- Separation Creek
- Coordinates: 38°35′27″S 143°52′20″E﻿ / ﻿38.59083°S 143.87222°E
- Country: Australia
- State: Victoria
- LGA: Colac Otway Shire;
- Location: 42 km (26 mi) SE of Colac; 66 km (41 mi) SW of Geelong; 130 km (81 mi) SW of Melbourne;

Government
- • State electorate: Polwarth;
- • Federal division: Wannon;

Population
- • Total: 28 (2021 census)
- Postcode: 3234
Localities around Separation Creek
| Barwon Downs | Lorne | Lorne |
| Barramunga | Separation Creek | Bass Strait |
| Wye River | Wye River | Bass Strait |

= Separation Creek =

Separation Creek is a locality in the Shire of Colac Otway, Victoria, Australia.

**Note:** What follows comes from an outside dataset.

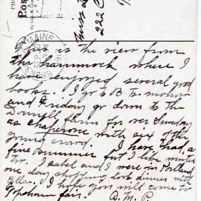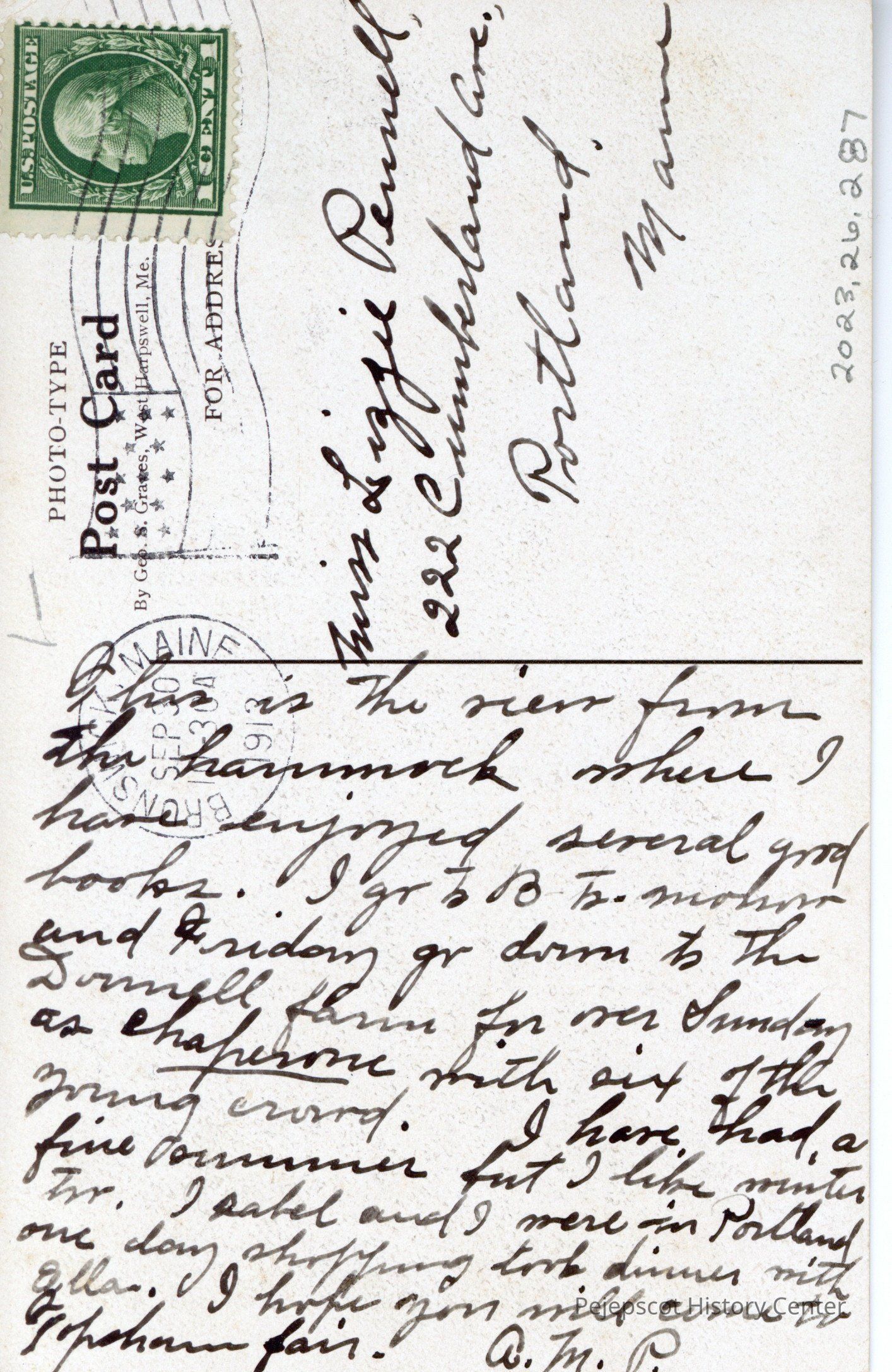 This is the view from the hammock where I have enjoyed several good books. I go to B tomorrow and Friday go down to the Donnell Farm for Sunday as chaperone with six of the young crowd. I have had a fine summer but I like winter too. Isabel and I were in Portland one day shopping and took dinner with Ella. I hope you will come to the Topsham fair. A. M. P.

In the 2016 census, Separation Creek had a population of 19.

The village is situated at the mouth of the Separation Creek, on the Great Ocean Road, which follows the coast through the locality. There are no shops at Separation Creek; the nearest shop and hotel is located at Wye River, which is connected to the town by the Great Ocean Road and on foot by Paddys Path. In July 2014, the federal government announced a $4m upgrade of the Separation Creek bridge, with a new pedestrian walkway across the creek to allow for safer access between the towns.

The Wye River Separation Creek Progress Association is a local community organisation which aims to "advance the welfare and protect the environment" of the two towns. Singer Mike Brady has a beach house in the village.

Separation Creek has a 250m long beach, which is unpatrolled year-round. Surf Life Saving Australia describes the beach as "suitable for a picnic or fishing, but unsuitable for safe bathing". It gives the beach a hazard rating of 7/10 (highly hazardous).

The remainder of the locality, outside the township, is almost entirely covered today by the Great Otway National Park and the Otway Forest Park. There are only two inland roads through the locality outside the township itself: Wye Road runs inland from the coast, much of it forming the border with Wye River, and the Benwerrin-Mount Sabine Road runs roughly north–south around the western edge of the locality.

On Christmas Day 2015 a bushfire destroyed at least 18 homes in Separation Creek. At nearby Wye River another 98 homes were destroyed. There were no deaths at either town.